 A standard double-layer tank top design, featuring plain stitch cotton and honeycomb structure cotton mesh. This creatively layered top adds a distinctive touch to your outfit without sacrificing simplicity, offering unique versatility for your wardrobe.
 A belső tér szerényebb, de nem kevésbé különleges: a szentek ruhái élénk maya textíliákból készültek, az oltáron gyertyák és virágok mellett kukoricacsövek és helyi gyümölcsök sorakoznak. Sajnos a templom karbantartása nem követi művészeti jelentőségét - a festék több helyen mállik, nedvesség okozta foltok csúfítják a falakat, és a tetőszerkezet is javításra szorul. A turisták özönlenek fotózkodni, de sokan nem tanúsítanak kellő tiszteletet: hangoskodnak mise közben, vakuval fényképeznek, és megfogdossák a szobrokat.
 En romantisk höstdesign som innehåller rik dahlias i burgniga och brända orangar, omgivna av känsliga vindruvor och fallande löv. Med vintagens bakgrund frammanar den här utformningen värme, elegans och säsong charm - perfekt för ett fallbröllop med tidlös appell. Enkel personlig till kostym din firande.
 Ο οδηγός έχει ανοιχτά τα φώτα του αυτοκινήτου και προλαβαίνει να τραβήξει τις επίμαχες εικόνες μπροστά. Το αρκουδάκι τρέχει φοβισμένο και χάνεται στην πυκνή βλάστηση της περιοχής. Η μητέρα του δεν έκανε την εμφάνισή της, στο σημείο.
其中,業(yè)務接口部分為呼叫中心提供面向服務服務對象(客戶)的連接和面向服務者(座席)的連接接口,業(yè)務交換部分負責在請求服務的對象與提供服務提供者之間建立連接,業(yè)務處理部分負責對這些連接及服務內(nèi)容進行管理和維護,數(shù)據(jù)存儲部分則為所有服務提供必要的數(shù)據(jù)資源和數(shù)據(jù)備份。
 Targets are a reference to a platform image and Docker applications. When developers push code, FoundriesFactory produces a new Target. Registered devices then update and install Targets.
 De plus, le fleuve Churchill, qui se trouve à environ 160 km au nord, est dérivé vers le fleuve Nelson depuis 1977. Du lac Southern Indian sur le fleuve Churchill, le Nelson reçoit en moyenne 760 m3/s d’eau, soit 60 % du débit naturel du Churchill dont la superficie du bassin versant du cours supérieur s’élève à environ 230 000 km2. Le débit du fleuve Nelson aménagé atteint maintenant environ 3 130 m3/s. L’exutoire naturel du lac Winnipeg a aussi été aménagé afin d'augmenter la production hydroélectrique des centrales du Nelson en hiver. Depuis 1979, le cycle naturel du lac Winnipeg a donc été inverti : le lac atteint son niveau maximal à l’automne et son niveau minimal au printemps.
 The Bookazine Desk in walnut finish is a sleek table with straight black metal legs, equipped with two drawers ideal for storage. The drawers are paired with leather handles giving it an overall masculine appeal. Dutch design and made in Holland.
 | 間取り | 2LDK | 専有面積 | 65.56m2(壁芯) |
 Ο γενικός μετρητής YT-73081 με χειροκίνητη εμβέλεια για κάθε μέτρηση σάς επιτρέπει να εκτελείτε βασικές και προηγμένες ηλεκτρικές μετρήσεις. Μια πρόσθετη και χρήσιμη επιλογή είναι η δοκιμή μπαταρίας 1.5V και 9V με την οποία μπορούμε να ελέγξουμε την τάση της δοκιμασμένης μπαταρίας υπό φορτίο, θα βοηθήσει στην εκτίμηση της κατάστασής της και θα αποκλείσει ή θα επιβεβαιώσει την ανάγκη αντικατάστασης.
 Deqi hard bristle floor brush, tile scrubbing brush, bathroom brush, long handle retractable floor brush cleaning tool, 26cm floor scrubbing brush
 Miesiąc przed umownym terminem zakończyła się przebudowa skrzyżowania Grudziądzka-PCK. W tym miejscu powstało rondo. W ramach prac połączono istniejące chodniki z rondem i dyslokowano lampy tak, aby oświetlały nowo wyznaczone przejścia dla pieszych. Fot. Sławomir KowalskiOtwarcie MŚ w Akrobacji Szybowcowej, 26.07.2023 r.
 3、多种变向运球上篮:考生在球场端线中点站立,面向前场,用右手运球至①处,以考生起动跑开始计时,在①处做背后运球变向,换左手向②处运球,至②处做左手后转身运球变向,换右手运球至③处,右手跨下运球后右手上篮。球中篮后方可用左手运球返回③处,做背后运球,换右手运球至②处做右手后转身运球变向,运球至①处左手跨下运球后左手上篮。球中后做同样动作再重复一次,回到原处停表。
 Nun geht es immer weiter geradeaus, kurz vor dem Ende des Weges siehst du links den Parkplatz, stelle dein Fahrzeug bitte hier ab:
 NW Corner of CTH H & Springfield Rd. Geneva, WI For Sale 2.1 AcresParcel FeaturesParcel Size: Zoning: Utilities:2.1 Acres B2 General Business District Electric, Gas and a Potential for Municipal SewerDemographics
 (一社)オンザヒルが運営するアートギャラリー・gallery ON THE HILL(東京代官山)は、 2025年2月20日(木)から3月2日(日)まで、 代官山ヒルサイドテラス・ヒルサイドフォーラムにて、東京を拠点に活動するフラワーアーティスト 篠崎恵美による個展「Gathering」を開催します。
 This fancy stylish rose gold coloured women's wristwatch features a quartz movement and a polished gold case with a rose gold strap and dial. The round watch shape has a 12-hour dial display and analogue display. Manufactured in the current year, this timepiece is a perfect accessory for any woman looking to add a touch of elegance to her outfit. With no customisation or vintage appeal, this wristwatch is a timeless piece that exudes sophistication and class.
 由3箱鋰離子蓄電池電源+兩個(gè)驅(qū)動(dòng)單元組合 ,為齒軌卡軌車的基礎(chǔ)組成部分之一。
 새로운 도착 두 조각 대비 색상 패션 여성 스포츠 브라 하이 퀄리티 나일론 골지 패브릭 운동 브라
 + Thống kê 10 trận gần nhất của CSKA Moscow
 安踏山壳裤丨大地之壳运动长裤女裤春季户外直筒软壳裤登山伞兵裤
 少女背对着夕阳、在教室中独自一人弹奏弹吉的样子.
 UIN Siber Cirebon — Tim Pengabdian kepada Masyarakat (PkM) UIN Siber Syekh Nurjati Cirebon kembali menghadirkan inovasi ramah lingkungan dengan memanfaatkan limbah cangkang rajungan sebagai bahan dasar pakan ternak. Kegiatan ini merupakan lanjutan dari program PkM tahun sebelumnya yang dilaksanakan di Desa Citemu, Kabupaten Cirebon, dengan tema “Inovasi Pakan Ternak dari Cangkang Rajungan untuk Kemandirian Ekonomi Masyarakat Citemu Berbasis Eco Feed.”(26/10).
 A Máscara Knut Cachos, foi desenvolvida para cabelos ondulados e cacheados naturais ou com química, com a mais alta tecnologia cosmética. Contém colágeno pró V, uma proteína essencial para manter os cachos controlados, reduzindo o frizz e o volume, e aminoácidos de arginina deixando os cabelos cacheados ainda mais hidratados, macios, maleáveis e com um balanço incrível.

__ASSIGNED TASK__. Begin with the line above that has "Ο γενικός μετρητής" and continue through the line that has "(一社)オンザヒルが運営するアートギャラリー・gallery ON THE", setting each one down exactly. Stop there.

__RESULT BELOW__.
 Ο γενικός μετρητής YT-73081 με χειροκίνητη εμβέλεια για κάθε μέτρηση σάς επιτρέπει να εκτελείτε βασικές και προηγμένες ηλεκτρικές μετρήσεις. Μια πρόσθετη και χρήσιμη επιλογή είναι η δοκιμή μπαταρίας 1.5V και 9V με την οποία μπορούμε να ελέγξουμε την τάση της δοκιμασμένης μπαταρίας υπό φορτίο, θα βοηθήσει στην εκτίμηση της κατάστασής της και θα αποκλείσει ή θα επιβεβαιώσει την ανάγκη αντικατάστασης.
 Deqi hard bristle floor brush, tile scrubbing brush, bathroom brush, long handle retractable floor brush cleaning tool, 26cm floor scrubbing brush
 Miesiąc przed umownym terminem zakończyła się przebudowa skrzyżowania Grudziądzka-PCK. W tym miejscu powstało rondo. W ramach prac połączono istniejące chodniki z rondem i dyslokowano lampy tak, aby oświetlały nowo wyznaczone przejścia dla pieszych. Fot. Sławomir KowalskiOtwarcie MŚ w Akrobacji Szybowcowej, 26.07.2023 r.
 3、多种变向运球上篮:考生在球场端线中点站立,面向前场,用右手运球至①处,以考生起动跑开始计时,在①处做背后运球变向,换左手向②处运球,至②处做左手后转身运球变向,换右手运球至③处,右手跨下运球后右手上篮。球中篮后方可用左手运球返回③处,做背后运球,换右手运球至②处做右手后转身运球变向,运球至①处左手跨下运球后左手上篮。球中后做同样动作再重复一次,回到原处停表。
 Nun geht es immer weiter geradeaus, kurz vor dem Ende des Weges siehst du links den Parkplatz, stelle dein Fahrzeug bitte hier ab:
 NW Corner of CTH H & Springfield Rd. Geneva, WI For Sale 2.1 AcresParcel FeaturesParcel Size: Zoning: Utilities:2.1 Acres B2 General Business District Electric, Gas and a Potential for Municipal SewerDemographics
 (一社)オンザヒルが運営するアートギャラリー・gallery ON THE HILL(東京代官山)は、 2025年2月20日(木)から3月2日(日)まで、 代官山ヒルサイドテラス・ヒルサイドフォーラムにて、東京を拠点に活動するフラワーアーティスト 篠崎恵美による個展「Gathering」を開催します。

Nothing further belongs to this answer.